Invités par la Maison des Cultures du Monde, Kinan Azmeh et son ensemble étaient à l'honneur le week-end dernier de l'Amphithéâtre de l'Opéra Bastille. Encore peu connu en France (son seul concert remontait à octobre 2006), le clarinettiste fait partie de cette génération de musiciens complets qui évolue avec aisance à travers tous les genres musicaux.
Qu'il s'agisse d'un programme de musique classique sous la direction de grands chefs dans des salles prestigieuses ou de musique expérimentale aux côtés d'artistes tels que Francesco Tristano Schlimé et Rhami Khalifé, le jeune syrien affiche sans complexe une maîtrise instrumentale de tout premier plan et un réel talent pour la composition.
Du point de vue du jeu lui-même, Kinan Azmeh substitue sa propre voix au chant de son instrument et se fond avec fluidité dans des sonorités taillées dans le diamant, des pianissimi tamisés où chaque nuance semble habillée de soie et connectée aux éléments qui nous entourent. Tel un maître de cérémonie, il anime les débats et, dans un très bon français, s'adresse avec humour au public enthousiaste, l'invitant même à reprendre un thème aux harmonies « arabisantes ». Autour du clarinettiste, du ‘beau monde'… Des amis virtuoses, instinctifs dans l'instant et terriblement complices.

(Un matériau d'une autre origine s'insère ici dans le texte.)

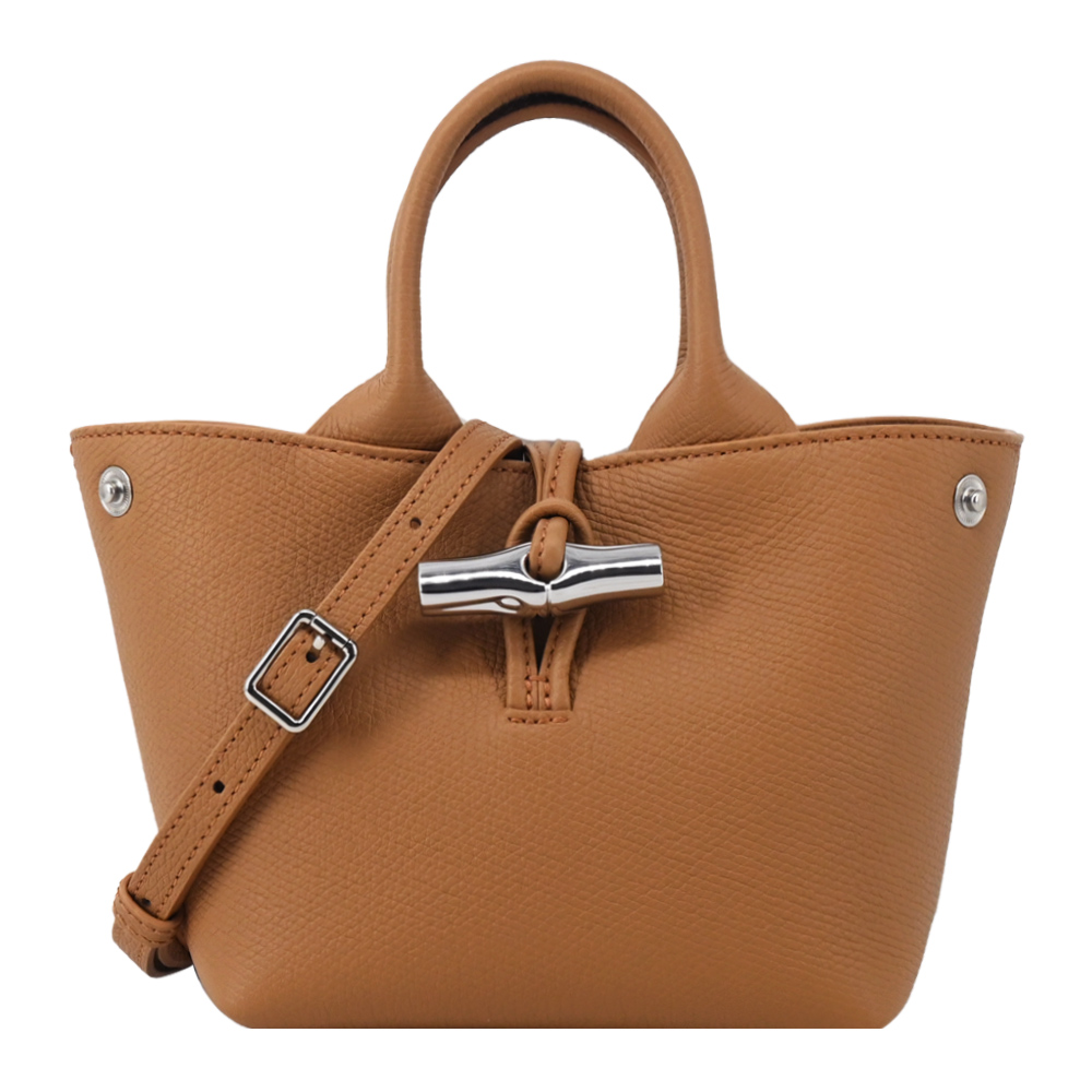 | 商品名 / | LONGCHAMP LE ROSEAU系列金屬竹節粒面牛皮手提 斜背兩用包(迷你 核桃) 平行輸入 |
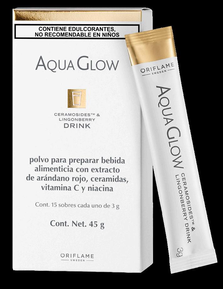^^Pruebas de consumidores independientes, Ayton Global Research 2020. Muestra: 71 mujeres participantes de 30 a 60 años en el Reino Unido consumieron Aqua Glow (una bebida al día) durante 28 días. Los resultados individuales pueden variar.
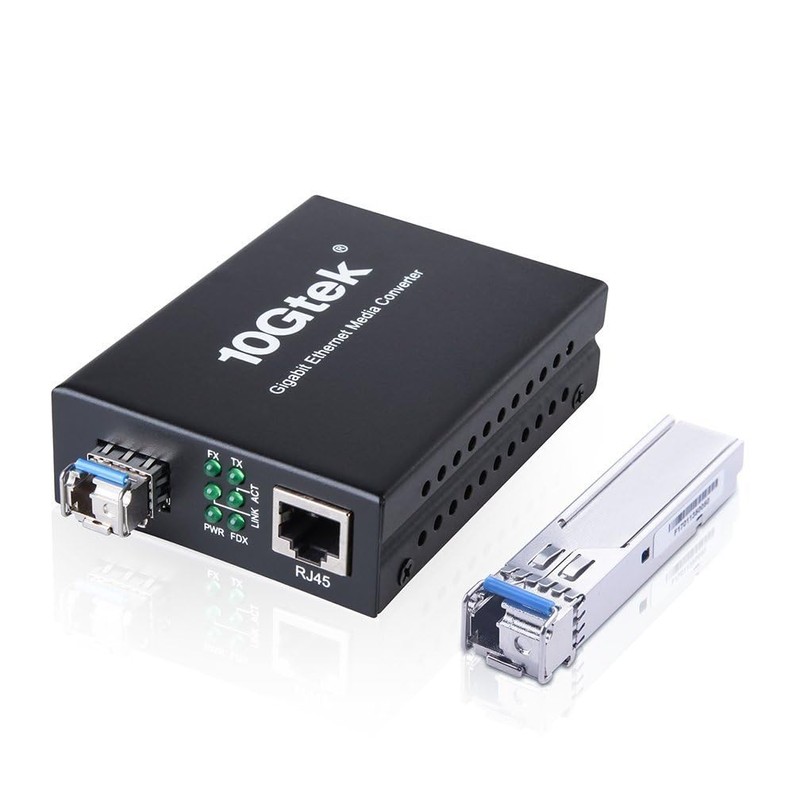 - Package Contents: 2* Gigabit Ethernet SFP to RJ45 Media Converter; A pair of 1000Base-LX Bidi SFP Module; 2* British Power Adapter
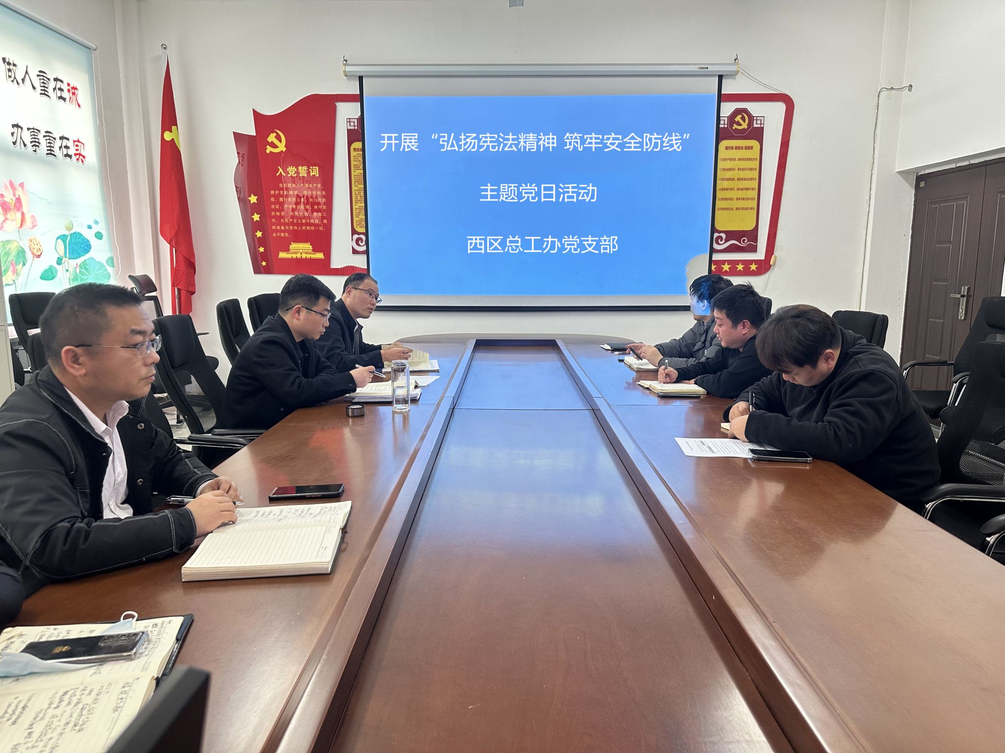 为深入学习贯彻宪法精神,切实增强党员干部和职工的法治观念,12月12日,刘庄矿业西区总工办党支部以“弘扬宪法精神 筑牢安全防线”为主题,组织开展12月份主题党日活动。

Avec générosité, chacun s'écoute, respire ensemble et nous communique son bonheur d'être sur scène.
L'univers proposé trouve son inspiration à la source : dans l'essence même de la musique orientale traditionnelle mais aussi dans celle du jazz, notamment fusion, et de la pop. Sons nouveaux avec ce violoncelle électrique ou ce Bösendorfer aux esquisses mélodiques diaphanes et souvent utilisé comme instrument percussif avec des cordes pincées et frappées. Complexité rythmique ou décrochages de style sont également de mise. La relance dans l'improvisation est, quant à elle, rendue possible grâce à la présence d'Issam Rafea à l'oud.
Des titres évocateurs comme « le Soir » ou encore « Prières » composent un « set » de plus d'une heure trente marqué par diverses formes d'expression. Clarinette seule ou en duo avec le piano, en trio, en groupe avec ou sans sa chanteuse et son percussionniste. Sensations atmosphériques égrenées dans « Aéroport » avec ses vagues ondulantes ou encore « Mariage », pièce jazzy et colorée qui se distingue par ses ruptures multiples d'écriture et son chant festif.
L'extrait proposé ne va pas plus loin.